[Work required] The answer must be an exact reprint of the lines from the one with "For iPhone 15" through the final line of the data, with no pictures included.

[Data]
-- -- --

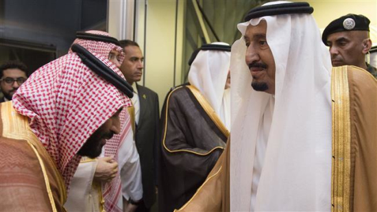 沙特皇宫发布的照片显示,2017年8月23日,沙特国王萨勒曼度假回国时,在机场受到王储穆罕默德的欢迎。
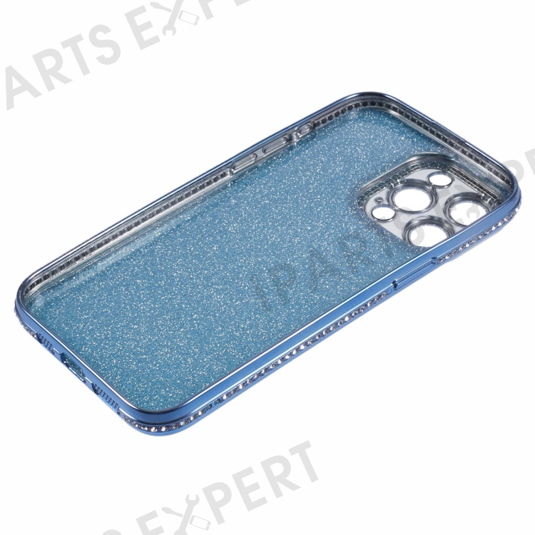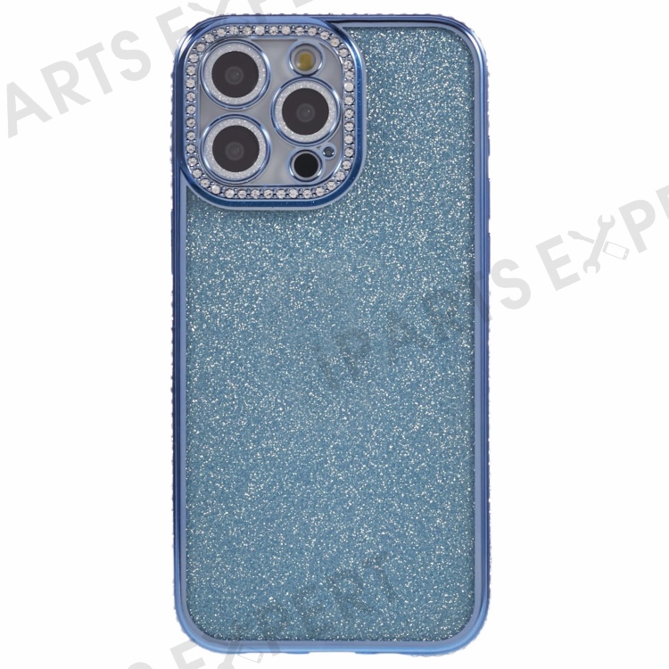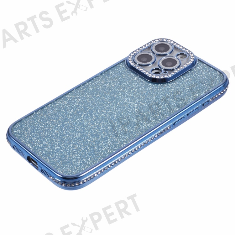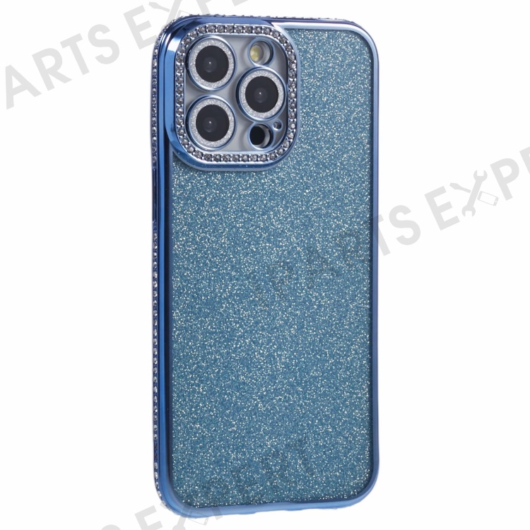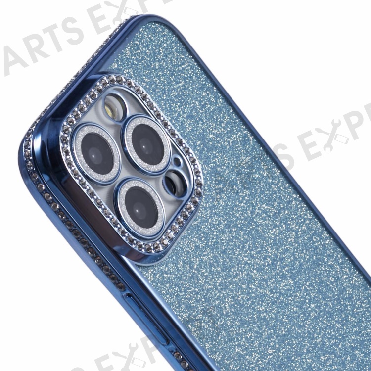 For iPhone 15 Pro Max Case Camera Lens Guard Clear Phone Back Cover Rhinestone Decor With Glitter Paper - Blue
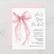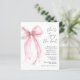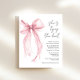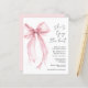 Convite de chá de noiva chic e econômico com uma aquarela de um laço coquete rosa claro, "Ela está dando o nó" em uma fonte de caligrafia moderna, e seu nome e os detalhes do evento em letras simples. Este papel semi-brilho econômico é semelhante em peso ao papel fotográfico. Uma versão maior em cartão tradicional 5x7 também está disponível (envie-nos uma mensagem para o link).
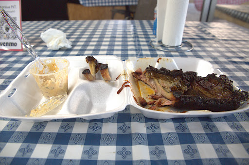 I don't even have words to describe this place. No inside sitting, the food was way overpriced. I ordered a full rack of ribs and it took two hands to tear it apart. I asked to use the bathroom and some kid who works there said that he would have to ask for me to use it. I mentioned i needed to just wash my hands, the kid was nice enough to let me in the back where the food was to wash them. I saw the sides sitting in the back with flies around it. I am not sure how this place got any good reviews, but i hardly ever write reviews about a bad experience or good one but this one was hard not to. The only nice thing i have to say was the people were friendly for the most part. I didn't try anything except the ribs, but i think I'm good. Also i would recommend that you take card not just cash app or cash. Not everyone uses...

-- -- --

[Task answer]
 For iPhone 15 Pro Max Case Camera Lens Guard Clear Phone Back Cover Rhinestone Decor With Glitter Paper - Blue
 Convite de chá de noiva chic e econômico com uma aquarela de um laço coquete rosa claro, "Ela está dando o nó" em uma fonte de caligrafia moderna, e seu nome e os detalhes do evento em letras simples. Este papel semi-brilho econômico é semelhante em peso ao papel fotográfico. Uma versão maior em cartão tradicional 5x7 também está disponível (envie-nos uma mensagem para o link).
 I don't even have words to describe this place. No inside sitting, the food was way overpriced. I ordered a full rack of ribs and it took two hands to tear it apart. I asked to use the bathroom and some kid who works there said that he would have to ask for me to use it. I mentioned i needed to just wash my hands, the kid was nice enough to let me in the back where the food was to wash them. I saw the sides sitting in the back with flies around it. I am not sure how this place got any good reviews, but i hardly ever write reviews about a bad experience or good one but this one was hard not to. The only nice thing i have to say was the people were friendly for the most part. I didn't try anything except the ribs, but i think I'm good. Also i would recommend that you take card not just cash app or cash. Not everyone uses...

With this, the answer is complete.